Indeed, consider what happens to the following expression as $y_0$ goes to $\infty$ while the residue of $y_0$ modulo $1$ remains fixed:

$$ \Gamma(y_0+1) e^{-y_0^2 - y_0 \operatorname{dlog} \Gamma(y_0+1) } F_{\mu} ( e^{ 2 y_0 + \operatorname{dlog} \Gamma(y_0+1)} ) $$

$$ = \int_{-\infty}^{\infty} \mu(y) e^{-y^2 + 2 y y_0 - y_0^2} \frac{ \Gamma(y_0+1) e^{ y \operatorname{dlog} \Gamma(y_0+1)- y_0 \operatorname{dlog} \Gamma(y_0+1)}}{\Gamma(y+1)} dy$$

$$ = \int_{\infty}^{\infty} \mu(y+y_0) e^{-y^2} \frac{ \Gamma(y_0+1) e^{ y \operatorname{dlog} \Gamma(y_0+1)}}{\Gamma(y+y_0+1)} dy$$

Because $\Gamma(y+1)$ is log-convex and its slope is roughly $\log y$, the exponential-linear approximation to the slope gets better as $y_0$ goes to $\infty$, and so this

$$ \approx \int_{-\infty}^{\infty} \mu(y+y_0) e^{-y^2} dy $$

uniquely determines the convolution of $\mu$ with the Gaussian. Now because none of the Fourier transform coefficients of the Gaussian vanish, we can extract all the Fourier series coefficients of $\mu$ from this, which under mild analytic conditions extracts $\mu$.

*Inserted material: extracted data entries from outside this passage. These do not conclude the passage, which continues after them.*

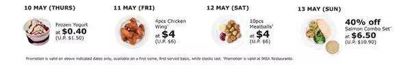 没有会员卡的小伙伴,宜家并没有冷落你们。从10号到13号,每天都有特价美食,而且都是最受欢迎的餐品。4毛钱的酸奶冰淇淋啦,6块5的三文鱼套餐啦……我肯定是要赶在肉丸打折那天去的!
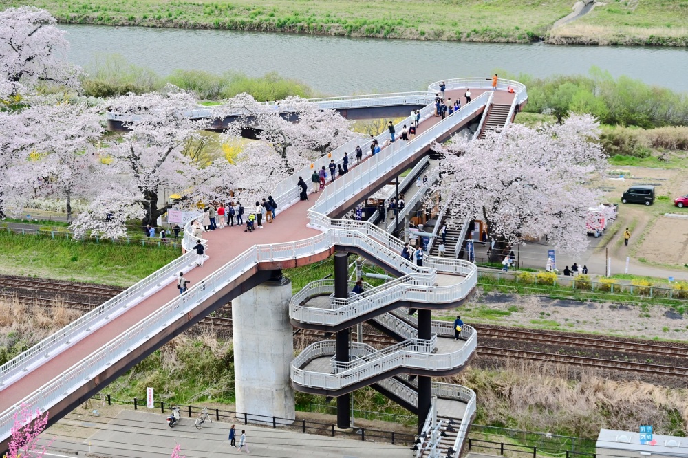 從千櫻橋慢慢步行至「大河原」車站就比較遠,大概要半小時以上,大河原町櫻花祭也是在這一側,途中會經過韮神堰。因此會比較建議您直接搭到JR「船岡」車站比較近。當然,您有時間可以完整走完「船岡~大河原」之間,慢慢欣賞這個櫻花百選之美,那更好!
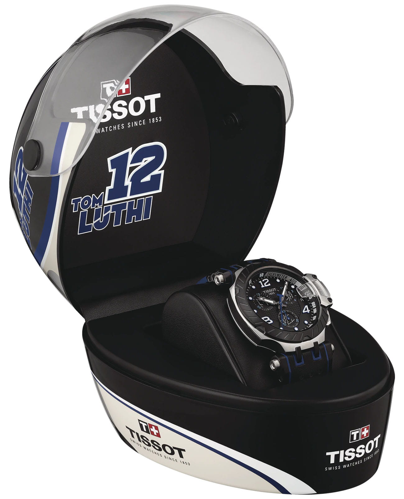 Швейцарские мужские часы Limited Edition из коллекции T-Race отличаются дерзким спортивным стилем, аксессуар, посвящённый мотогонщику Томасу Люти, выпускается в ограниченном количестве - 1212 экземпляров.

In particular, for your example $F(x)$ we see that $F(e^{2 y_0 + \operatorname{dlog} \Gamma(y_0+1)})$ is asymptotic to a constant times $\frac{ e^{y_0^2 + y_0 \operatorname{dlog} \Gamma(y_0+1) }}{ \Gamma(y_0+1)}$ while this is not true for your Taylor series $G(x)$.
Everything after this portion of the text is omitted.